» **What is required**
Using the data below, return the stretch from the line that contains "Embrace a touch" through the line that contains "Actualmente, Café Compadre", both included, exactly as it stands and nothing beyond it.

» **Materials provided**

▼

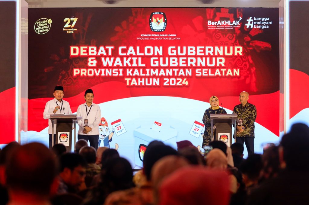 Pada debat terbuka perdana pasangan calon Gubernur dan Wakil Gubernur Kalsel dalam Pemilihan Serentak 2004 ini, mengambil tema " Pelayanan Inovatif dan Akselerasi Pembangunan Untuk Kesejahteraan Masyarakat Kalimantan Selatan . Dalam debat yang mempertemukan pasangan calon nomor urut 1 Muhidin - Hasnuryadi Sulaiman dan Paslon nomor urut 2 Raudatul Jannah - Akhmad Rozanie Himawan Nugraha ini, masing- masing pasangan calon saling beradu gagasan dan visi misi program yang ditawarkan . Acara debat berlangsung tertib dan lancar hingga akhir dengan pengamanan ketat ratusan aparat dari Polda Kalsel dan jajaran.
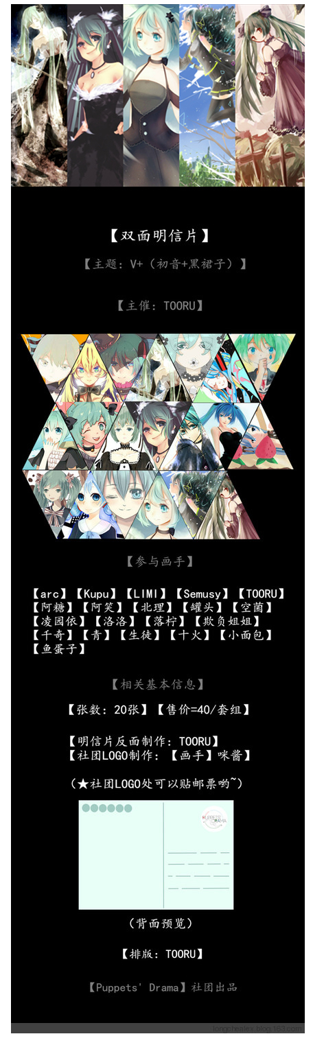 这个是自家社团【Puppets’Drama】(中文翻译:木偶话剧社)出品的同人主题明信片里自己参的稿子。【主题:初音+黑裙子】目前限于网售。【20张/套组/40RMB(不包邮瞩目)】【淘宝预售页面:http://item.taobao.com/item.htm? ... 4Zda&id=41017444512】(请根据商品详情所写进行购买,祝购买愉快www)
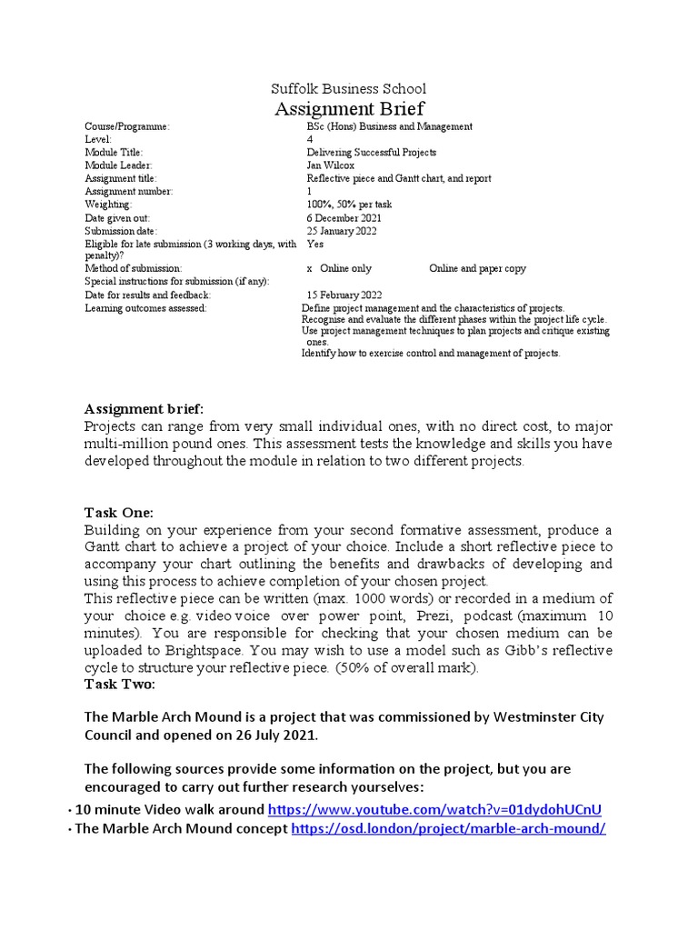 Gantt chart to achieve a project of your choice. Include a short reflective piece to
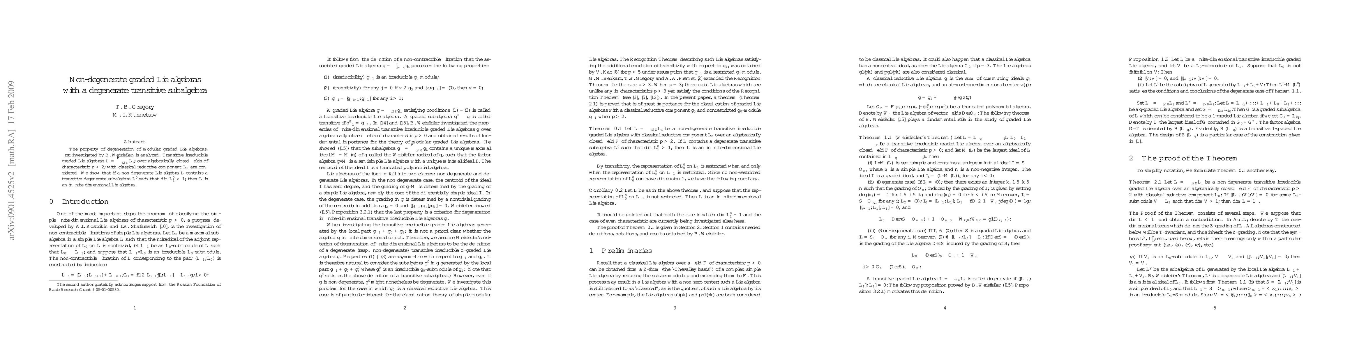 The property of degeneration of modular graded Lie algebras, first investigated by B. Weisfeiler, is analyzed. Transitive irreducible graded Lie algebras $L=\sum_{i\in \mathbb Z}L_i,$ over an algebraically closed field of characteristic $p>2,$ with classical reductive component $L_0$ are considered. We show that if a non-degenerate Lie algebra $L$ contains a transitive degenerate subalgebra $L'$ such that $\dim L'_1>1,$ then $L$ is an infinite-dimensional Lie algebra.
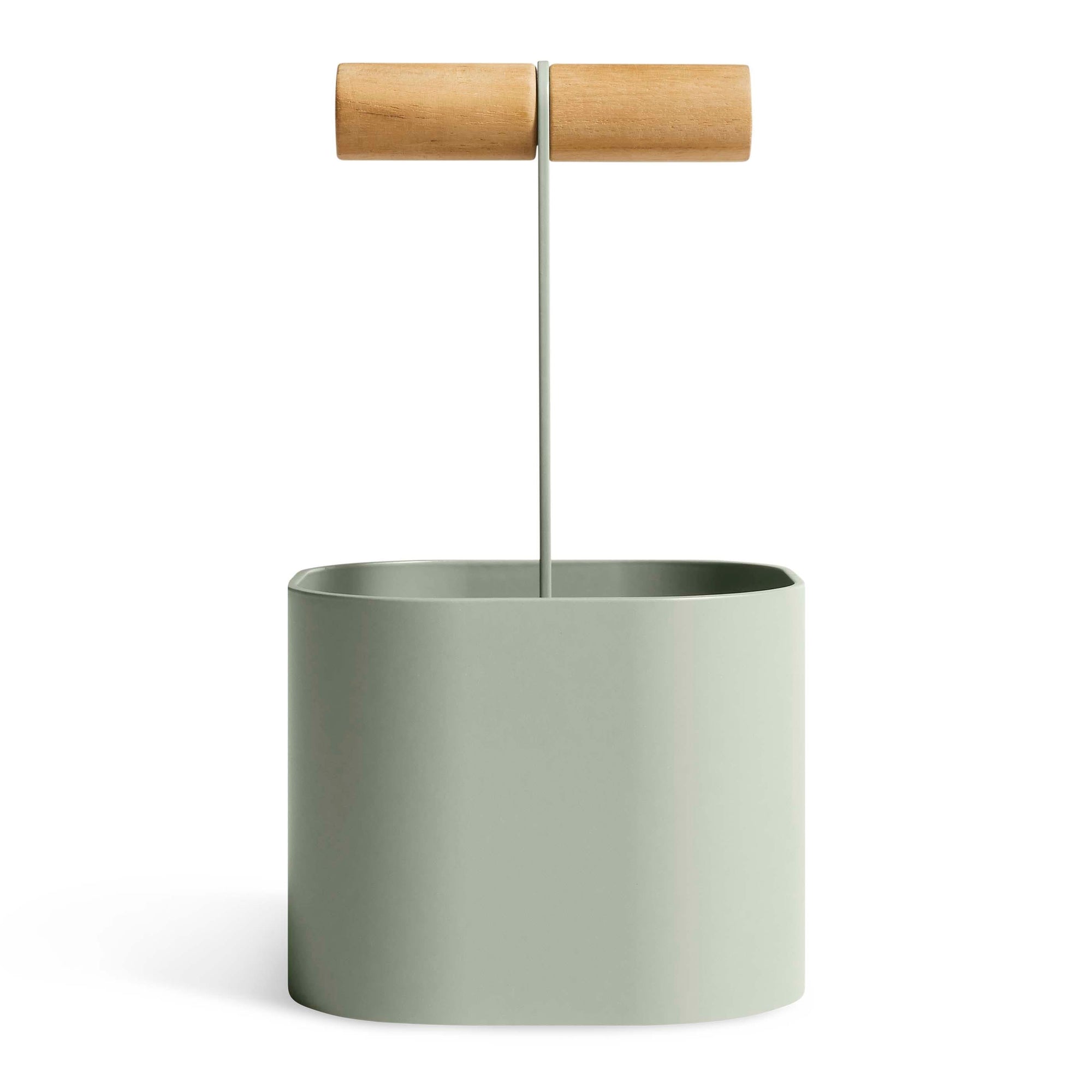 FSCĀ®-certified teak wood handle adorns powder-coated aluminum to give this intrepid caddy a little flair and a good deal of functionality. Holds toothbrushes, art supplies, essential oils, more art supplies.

▲
▼

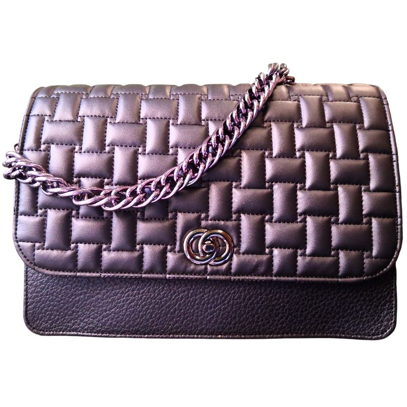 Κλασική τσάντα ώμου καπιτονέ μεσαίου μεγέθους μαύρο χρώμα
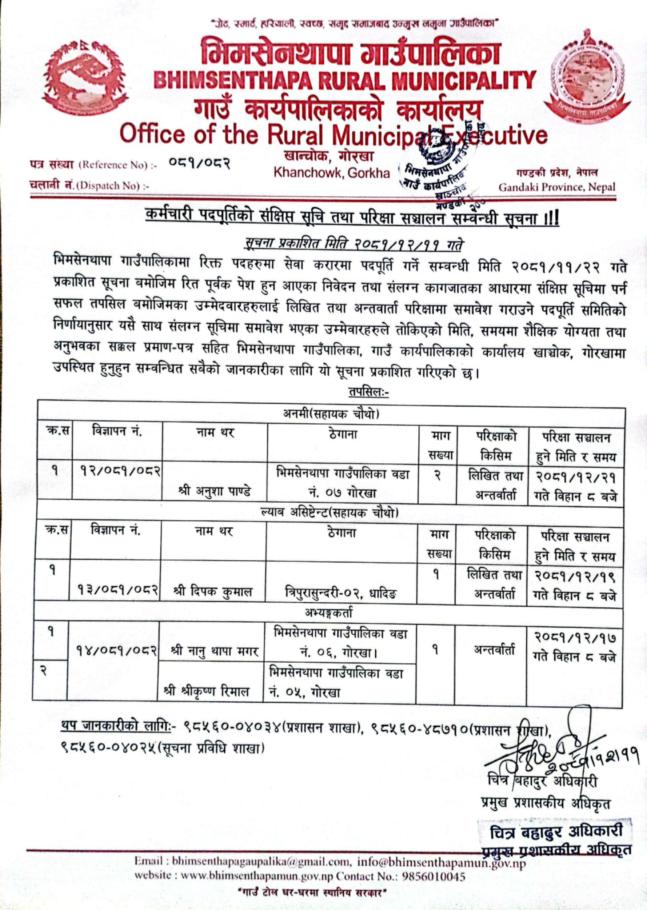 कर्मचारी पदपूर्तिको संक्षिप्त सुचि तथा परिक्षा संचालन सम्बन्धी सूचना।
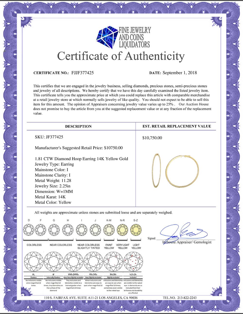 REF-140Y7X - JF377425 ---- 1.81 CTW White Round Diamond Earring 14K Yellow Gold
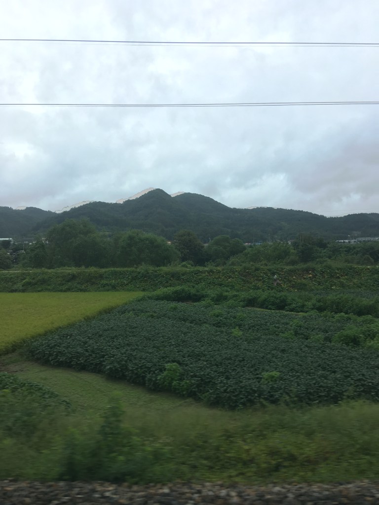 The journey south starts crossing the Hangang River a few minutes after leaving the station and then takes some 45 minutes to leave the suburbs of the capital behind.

▲
▼

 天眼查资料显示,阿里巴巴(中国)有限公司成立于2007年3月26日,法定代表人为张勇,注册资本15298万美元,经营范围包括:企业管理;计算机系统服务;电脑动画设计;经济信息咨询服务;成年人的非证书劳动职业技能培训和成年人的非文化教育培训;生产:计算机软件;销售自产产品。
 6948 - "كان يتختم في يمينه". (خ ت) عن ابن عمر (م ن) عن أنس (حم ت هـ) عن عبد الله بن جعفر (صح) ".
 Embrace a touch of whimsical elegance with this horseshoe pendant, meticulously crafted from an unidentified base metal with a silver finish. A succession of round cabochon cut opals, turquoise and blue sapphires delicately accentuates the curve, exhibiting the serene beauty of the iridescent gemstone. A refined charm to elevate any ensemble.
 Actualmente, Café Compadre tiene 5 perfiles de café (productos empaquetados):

▲

» **Output**
 Embrace a touch of whimsical elegance with this horseshoe pendant, meticulously crafted from an unidentified base metal with a silver finish. A succession of round cabochon cut opals, turquoise and blue sapphires delicately accentuates the curve, exhibiting the serene beauty of the iridescent gemstone. A refined charm to elevate any ensemble.
 Actualmente, Café Compadre tiene 5 perfiles de café (productos empaquetados):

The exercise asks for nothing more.